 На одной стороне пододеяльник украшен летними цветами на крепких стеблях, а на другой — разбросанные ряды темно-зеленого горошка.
--
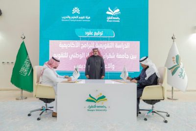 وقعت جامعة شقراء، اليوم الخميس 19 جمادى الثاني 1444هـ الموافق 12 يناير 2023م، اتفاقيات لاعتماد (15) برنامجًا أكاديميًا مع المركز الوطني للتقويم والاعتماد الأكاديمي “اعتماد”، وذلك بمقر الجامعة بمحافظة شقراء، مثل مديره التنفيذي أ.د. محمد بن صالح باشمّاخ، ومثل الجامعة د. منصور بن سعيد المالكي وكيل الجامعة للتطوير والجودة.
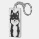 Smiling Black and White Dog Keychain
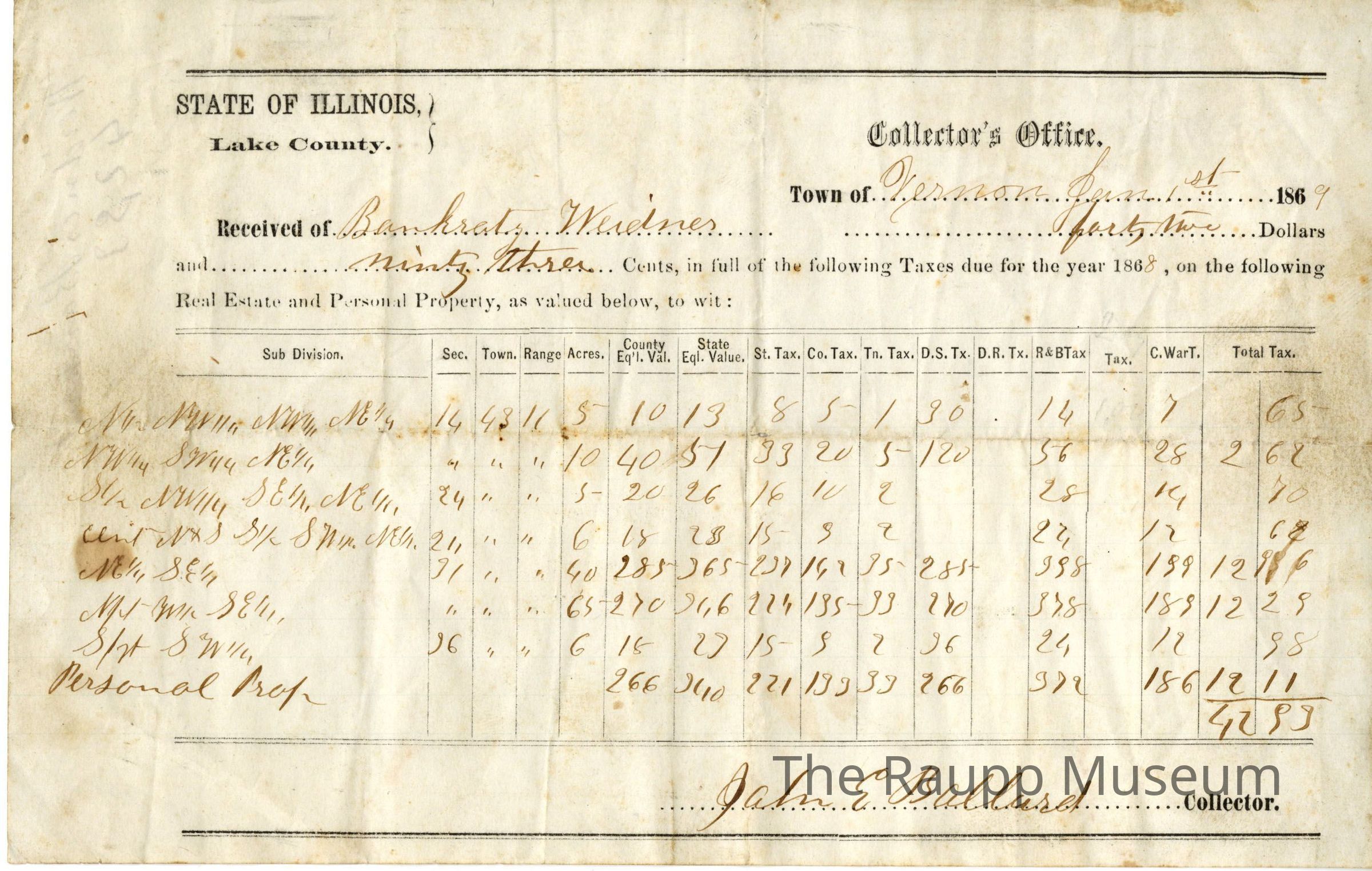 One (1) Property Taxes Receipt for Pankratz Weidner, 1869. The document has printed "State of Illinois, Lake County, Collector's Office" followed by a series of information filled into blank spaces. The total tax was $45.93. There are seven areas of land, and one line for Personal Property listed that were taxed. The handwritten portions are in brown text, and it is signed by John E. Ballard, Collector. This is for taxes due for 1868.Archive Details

» Work task
In the listing above, find the line containing "Smiling Black and White Dog Keychain" and the line containing "One (1) Property", then return both of them and every line between, exactly, without pictures.

» Task output
 Smiling Black and White Dog Keychain
 One (1) Property Taxes Receipt for Pankratz Weidner, 1869. The document has printed "State of Illinois, Lake County, Collector's Office" followed by a series of information filled into blank spaces. The total tax was $45.93. There are seven areas of land, and one line for Personal Property listed that were taxed. The handwritten portions are in brown text, and it is signed by John E. Ballard, Collector. This is for taxes due for 1868.Archive Details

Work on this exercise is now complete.